┌────────
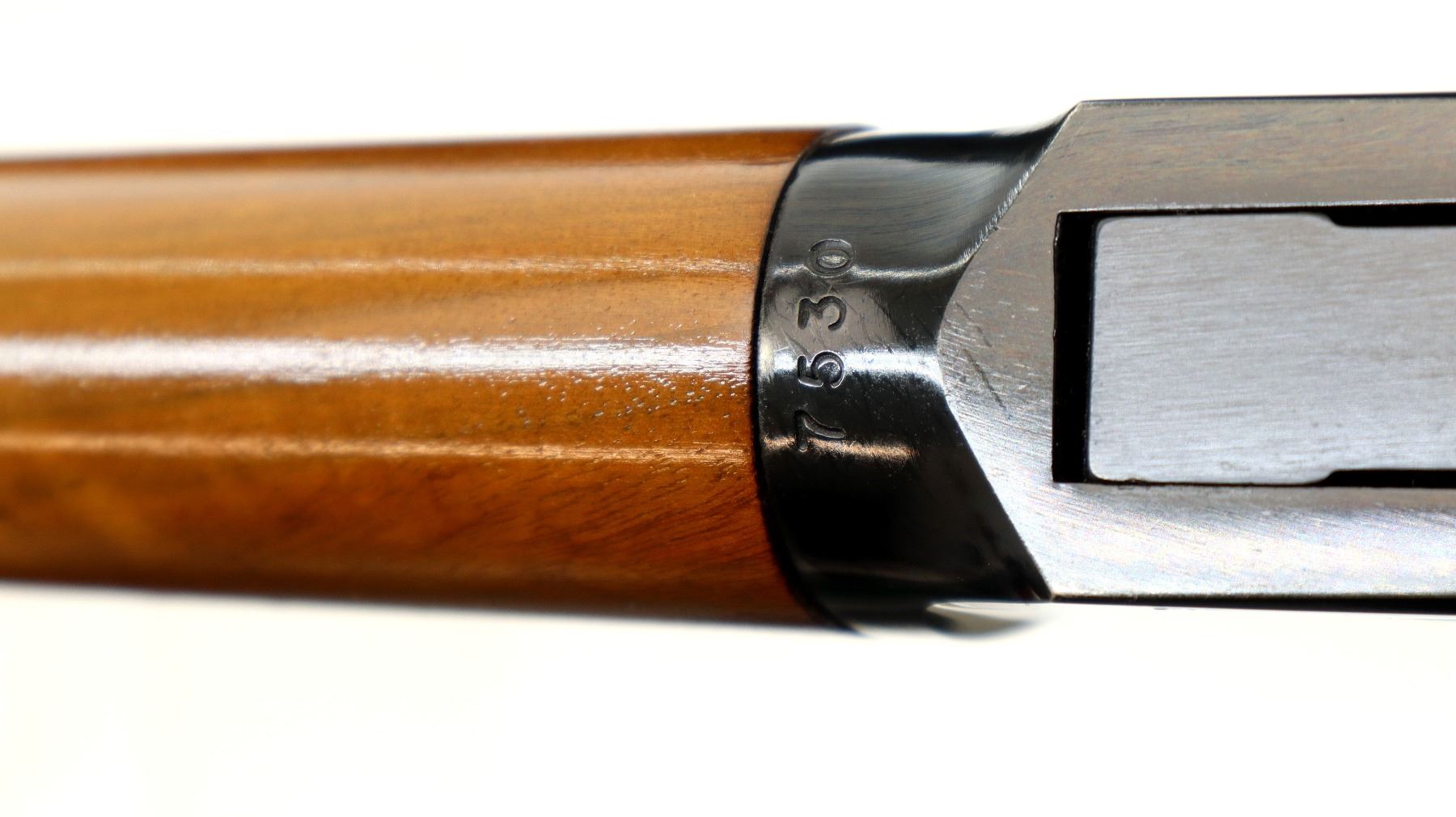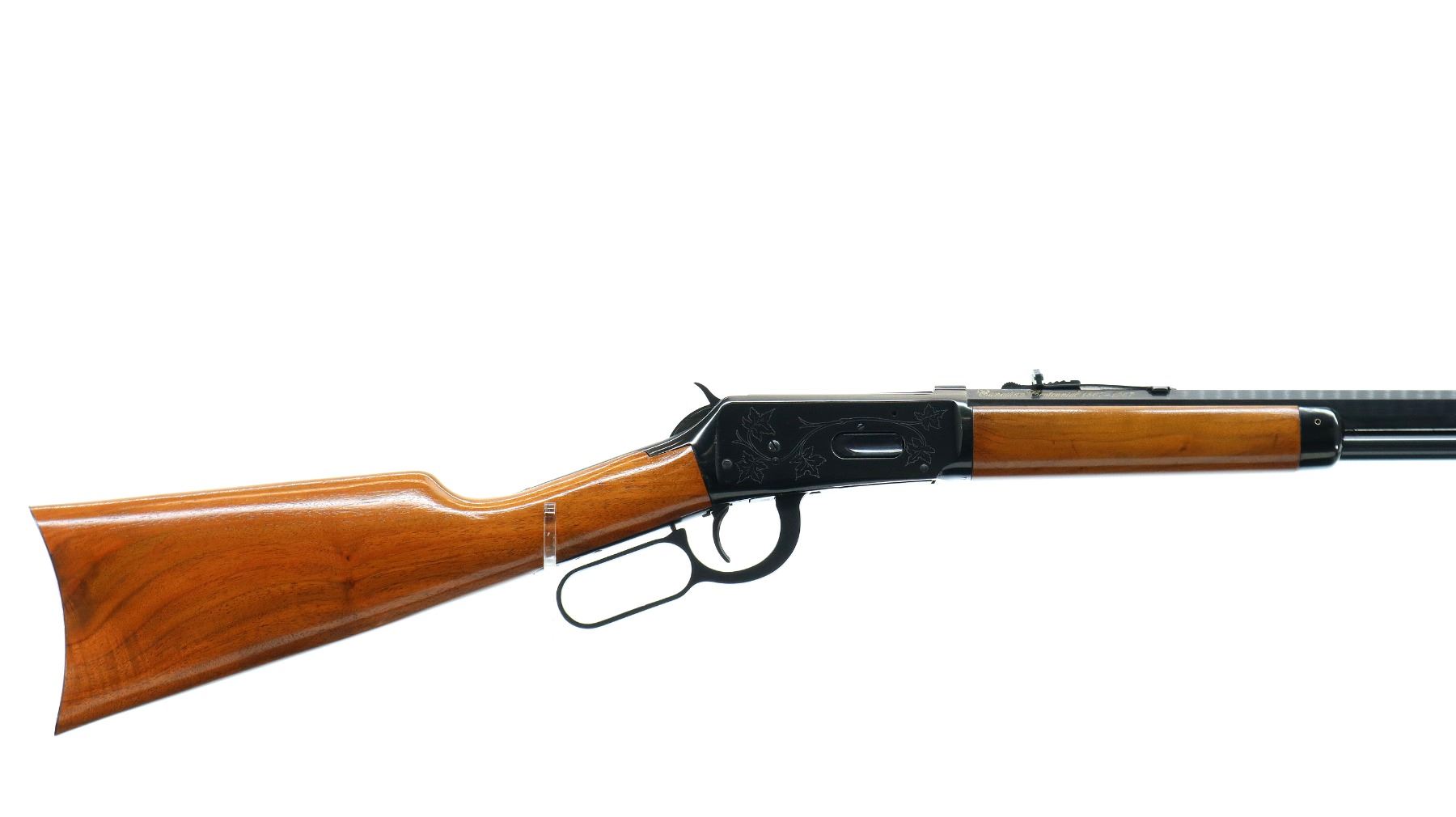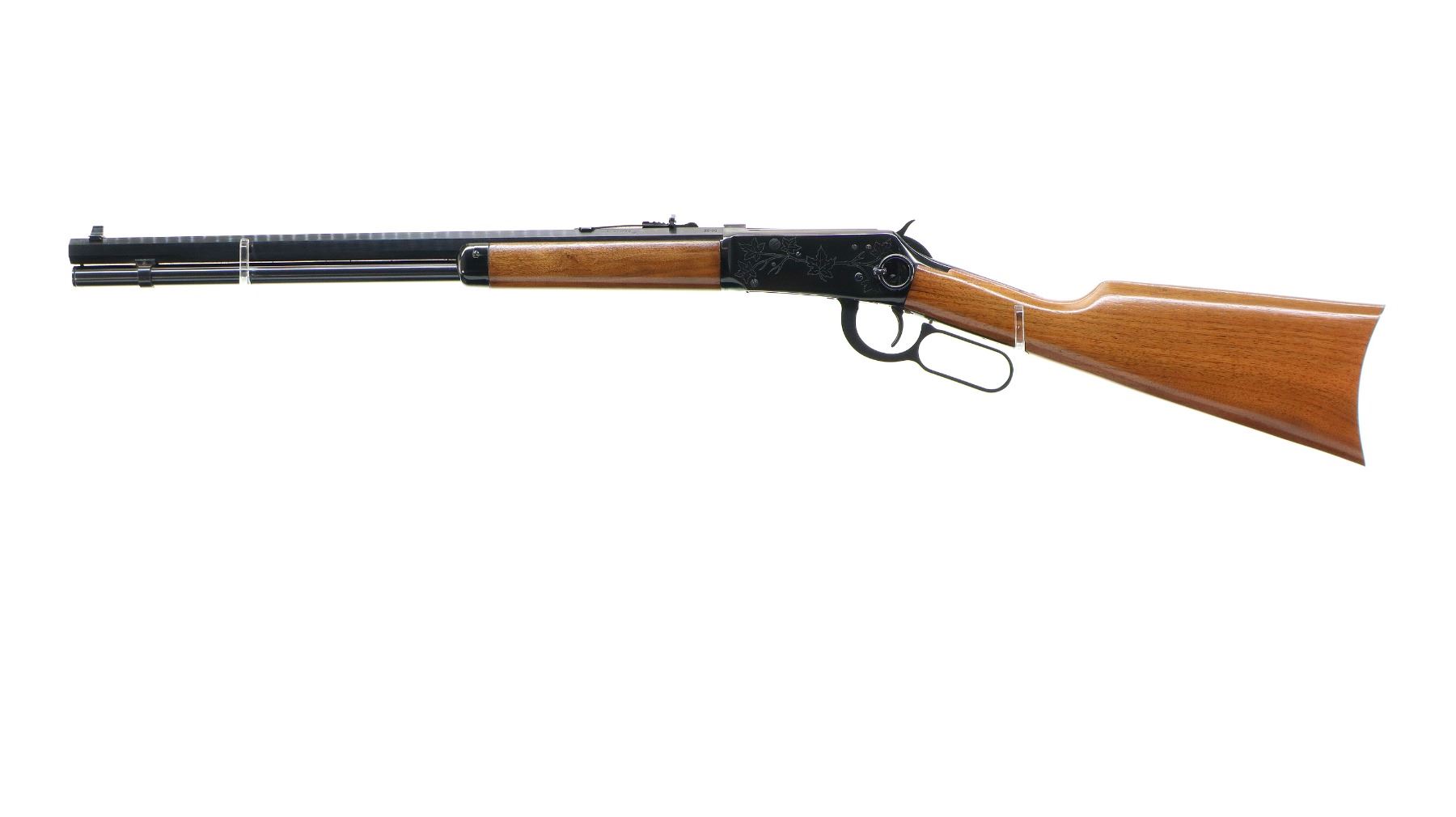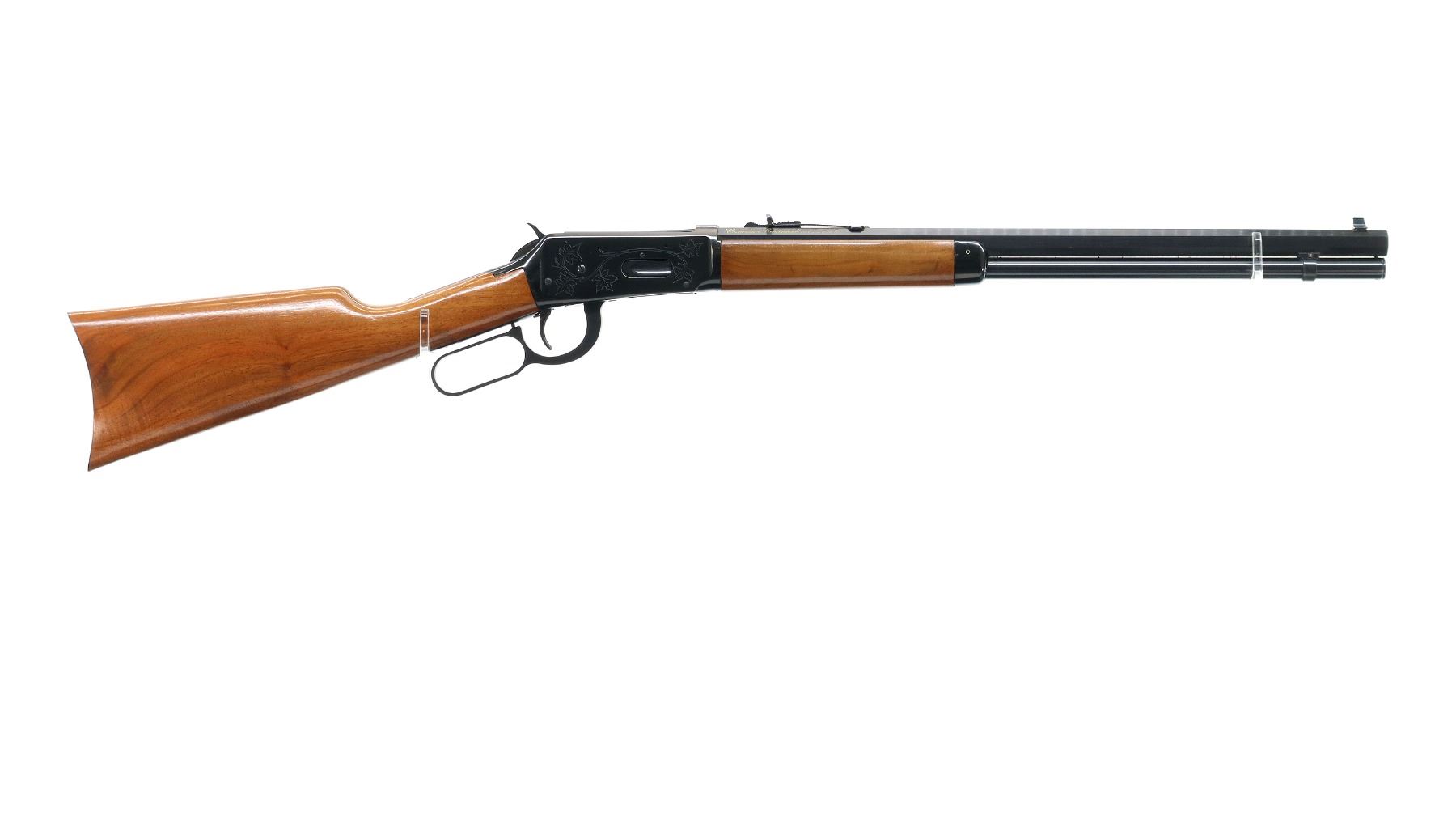 Main Description: Blade front sight, adjustable u notched rear sight, blued finish, octagon barrel, engraved receiver, grooved spur hammer, saddle ring and stud. Two piece wood stocks, straight grip, smooth curved steel butt plate, full length magtube.
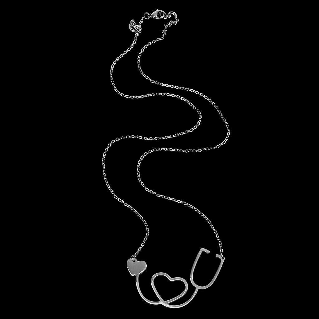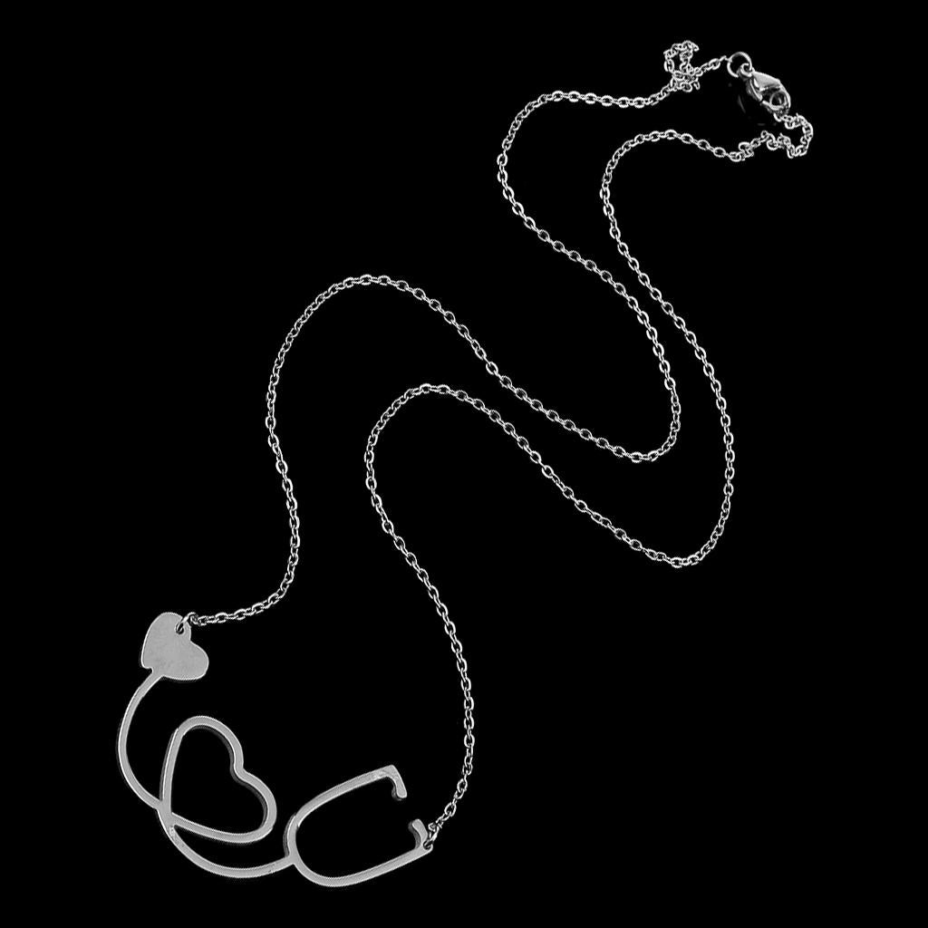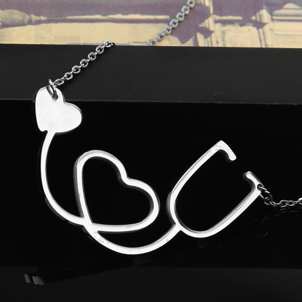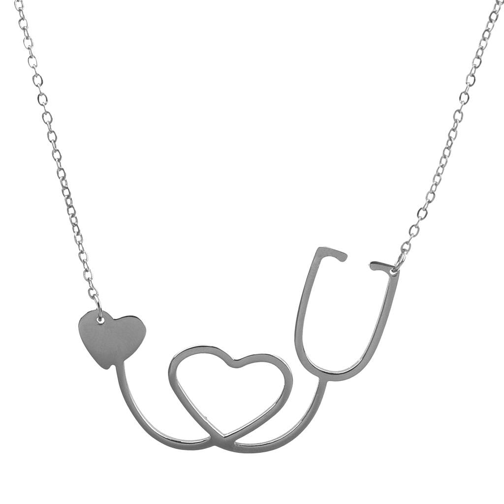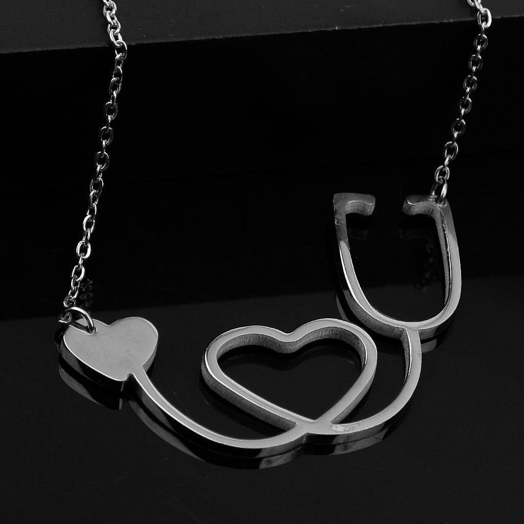 Novelty Love U Stethoscope Design Clavicle Pendant Chain Necklace Silver
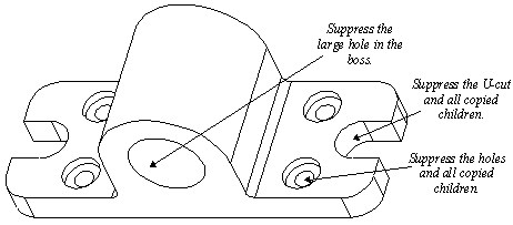 Suppressing features temporarily removes them from the regeneration sequence. This not only simplifies the way the part looks, but also decreases the amount of time it takes to regenerate the part.
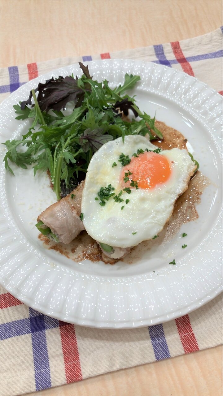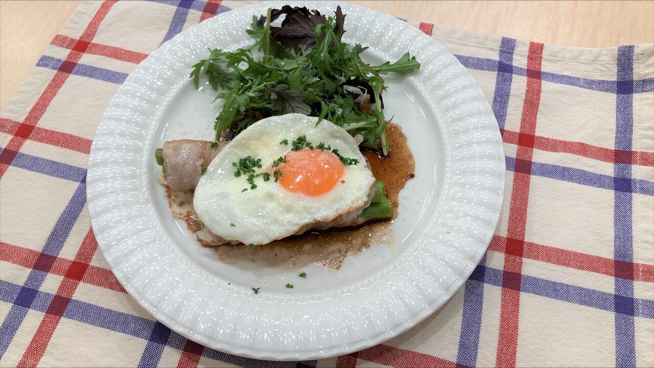 「アスパラの肉巻き 目玉焼きのせ」について
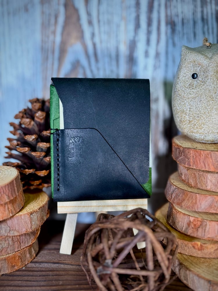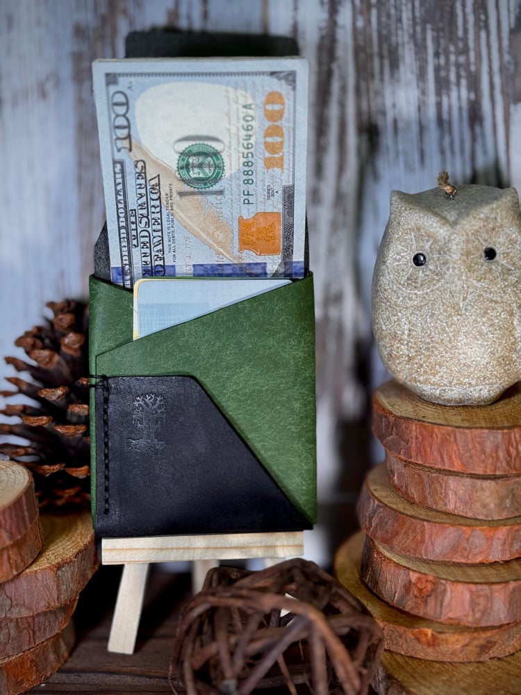 Made from Badalassi Carlo Pueblo emerald green and black. Finished with black Ritza thread. This wallet can carry cards and cash. Pictured with 7 cards and 5 bills with room for more of either. It also has a quick access pocket on the back for your most frequently used cards.
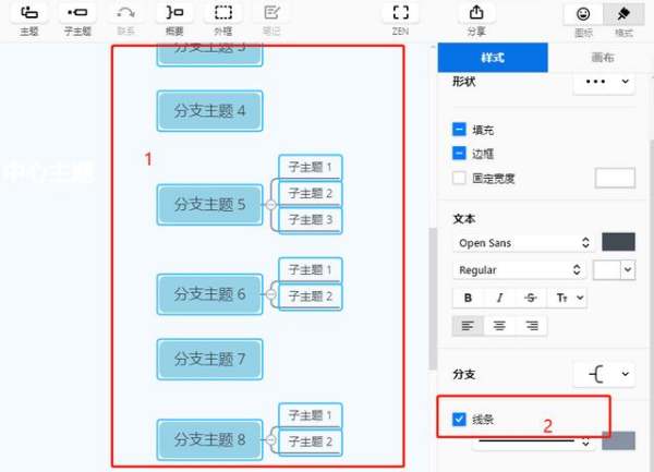 五、再次选中所有的“主题、子主题”,勾选“线条”。
└────────
Prompt. Pictures in the records above are to be left out of an otherwise exact copy.

Exercise solution.
 Main Description: Blade front sight, adjustable u notched rear sight, blued finish, octagon barrel, engraved receiver, grooved spur hammer, saddle ring and stud. Two piece wood stocks, straight grip, smooth curved steel butt plate, full length magtube.
 Novelty Love U Stethoscope Design Clavicle Pendant Chain Necklace Silver
 Suppressing features temporarily removes them from the regeneration sequence. This not only simplifies the way the part looks, but also decreases the amount of time it takes to regenerate the part.
 「アスパラの肉巻き 目玉焼きのせ」について
 Made from Badalassi Carlo Pueblo emerald green and black. Finished with black Ritza thread. This wallet can carry cards and cash. Pictured with 7 cards and 5 bills with room for more of either. It also has a quick access pocket on the back for your most frequently used cards.
 五、再次选中所有的“主题、子主题”,勾选“线条”。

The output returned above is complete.